By aligning program components “just in time”, the system avoids this problem. It is able to effectively accelerate many more components than traditional methods that attempt to perform parallelization in advance.

Just-in-time alignment also ensures that the accelerated program still returns accurate results. If PaSh arrives at a program component that cannot be parallelized (perhaps it depends on a component that has not yet worked), it simply runs the original version and avoids causing an error.

“No matter the performance gains – if you promise to do something run in a second instead of a year – if there’s any chance of returning wrong results, no one will use your method,” Vasilakis says.

Users do not need to make any modifications to use PaSh; they can simply add the tool to their existing Unix shell and tell their scripts to use it.

Acceleration and accuracy

The researchers tested PaSh on hundreds of scripts, from classic to modern programs, and it didn’t break a single one. The system was able to run programs six times faster, on average, compared to unparalleled scripts, and reached a top speed of almost 34 times.

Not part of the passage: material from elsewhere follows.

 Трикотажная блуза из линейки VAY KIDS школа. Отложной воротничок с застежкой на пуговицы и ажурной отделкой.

It also accelerated the speeds of scripts that other approaches could not match.

“Our system is the first to show this kind of completely right transformation, but it is also an indirect benefit. The way our system is designed allows other researchers and users in industry to build in addition to this work, ”Vasilakis says.

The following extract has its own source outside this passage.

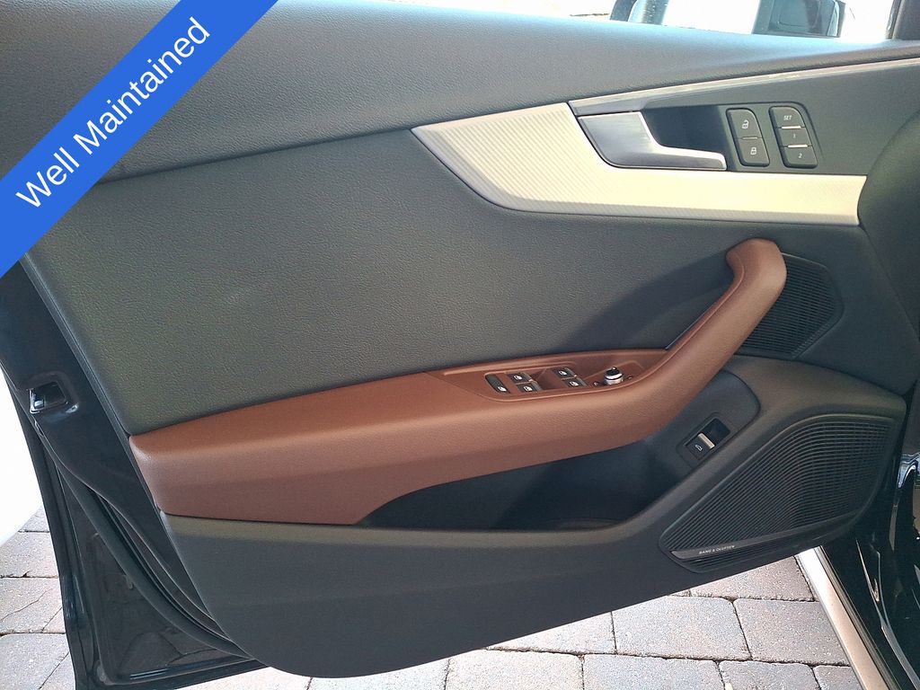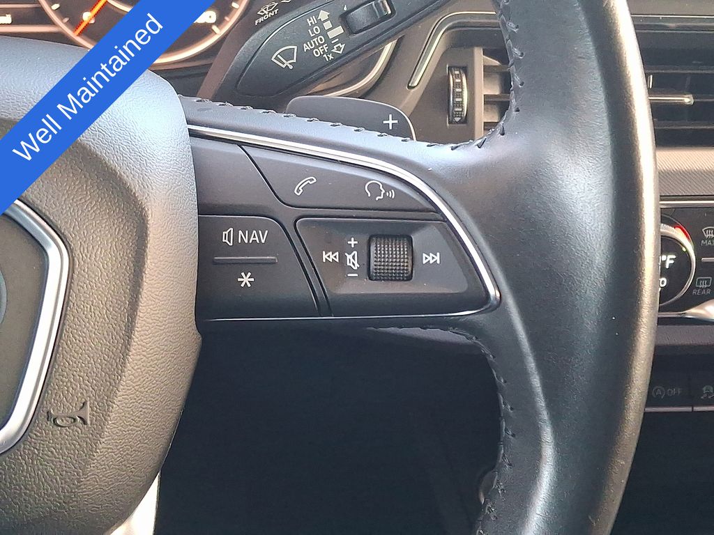 10 Speakers, 4-Wheel Disc Brakes, ABS brakes, Adaptive suspension, Air Conditioning, Alloy wheels, Audi smartphone interface (Apple CarPlay/Android Auto), Auto-dimming Rear-View mirror, Automatic temperature control, Brake assist, Bumpers: body-color, Compass, Delay-off headlights, Driver door bin, Driver vanity mirror, Dual front impact airbags, Dual front side impact airbags, Electronic Stability Control, Exterior Parking Camera Rear, Four wheel independent suspension, Front anti-roll bar, Front Bucket Seats, Front Center Armrest, Front dual zone A/C, Front fog lights, Front reading lights, Fully automatic headlights, Garage door transmitter: HomeLink, Headlight cleaning, Heated 3-Step Power Front Seats, Heated door mirrors, Heated front seats, High intensity discharge headlights: Xenon plus, Illuminated entry, Knee airbag, Leather Seating Surfaces, Leather Shift Knob, Leather steering wheel, Low tire pressure warning, Occupant sensing airbag, Outside temperature display, Overhead airbag, Overhead console, Panic alarm, Passenger door bin, Passenger vanity mirror, Power door mirrors, Power driver seat, Power Liftgate, Power moonroof, Power passenger seat, Power steering, Power windows, Radio data system, Radio: Audi MMI Navigation Plus w/MMI Touch, Rain sensing wipers, Rear air conditioning, Rear anti-roll bar, Rear fog lights, Rear reading lights, Rear seat center armrest, Rear window defroster, Rear window wiper, Remote CD player, Remote keyless entry, Roof rack: rails only, Speed control, Speed-sensing steering, Speed-Sensitive Wipers, Split folding rear seat, Spoiler, Steering wheel mounted audio controls, Tachometer, Telescoping steering wheel, Tilt steering wheel, Traction control, Trip computer, Turn signal indicator mirrors, Variably intermittent wipers, Wheels: 7.5" x 18" 5-V-Spoke Design.

He is excited to receive further feedback from users and see how they are improving the system. The open source project joined the Linux Foundation last year, making it widely available to users in industry and academia.

Going forward, Vasilakis wants to use PaSh to deal with the distribution problem – sharing a program to run on multiple computers, rather than multiple processors within a single computer. He is also looking to improve the commentary scheme so that it is more usable and can better describe complex program components.

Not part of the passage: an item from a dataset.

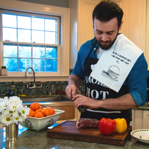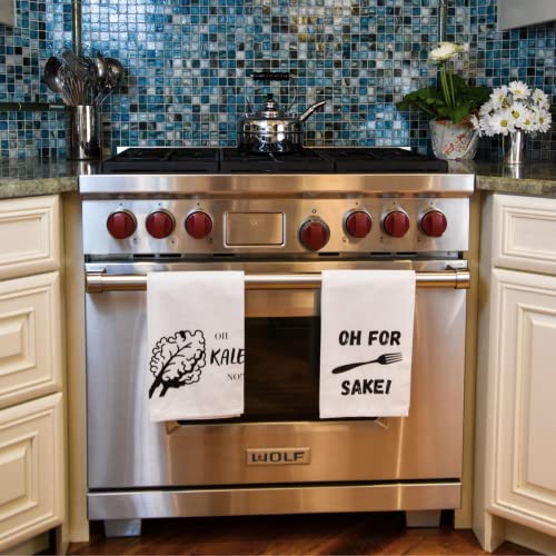 😁WITH 4 UNIQUE FUN KITCHEN TOWELS, our kitchen towel sets feature BEAUTIFULLY PRINTED ILLUSTRATIONS and the PHRASES “Stressed spelled backwards is desserts”, “Oh for (forks) sake!”, “I’m on a seafood diet. I see food and I eat it…” and “Oh kale no!!!” Our funny dish towel set is the name of the game ingredient you’ve been missing. In any case, nothing pairs with great cooking like a great sense of humor!

“Unix shell scripts play a key role in data analytics and software tasks. These scripts could work faster by making the various programs they call for use the multiple processing units available in modern CPUs. However, the dynamic nature of the shell makes it difficult
come up with parallel execution plans in advance, ”says Diomidis Spinellis, a professor of software engineering at Athens University of Economics and Business and a professor of software analysis at Delft Technical University, who was not involved with the research. “By timely analysis, PaSh-JIT manages to conquer the dynamic complexity of the shell and thus reduces the execution times of a script while maintaining the accuracy of the corresponding results.”

“As a replacement for an ordinary shell that directs steps but does not rearrange or separate them, PaSh provides a free way to improve the performance of big data processing jobs,” adds Douglas McIlroy, a lecturer in the Department of Computing at Dartmouth College, who previously led the Computing Techniques Research Department at Bell Laboratories (which was the birthplace of the Unix-like systems). “Manual optimization to exploit parallelism must be done at a level for which ordinary programming languages ​​(including shells) do not offer pure abstractions. The resulting code intermingles matters of logic and efficiency. It is difficult to read and difficult to maintain in the face of evolving demands. PaSh skillfully intervenes at this level, keeping the original logic on the surface while achieving efficiency when the program is run. “

This work has been supported, in part, by the Defense Advanced Research Projects Agency and the National Science Foundation.

Leave a Reply

Your email address will not be published.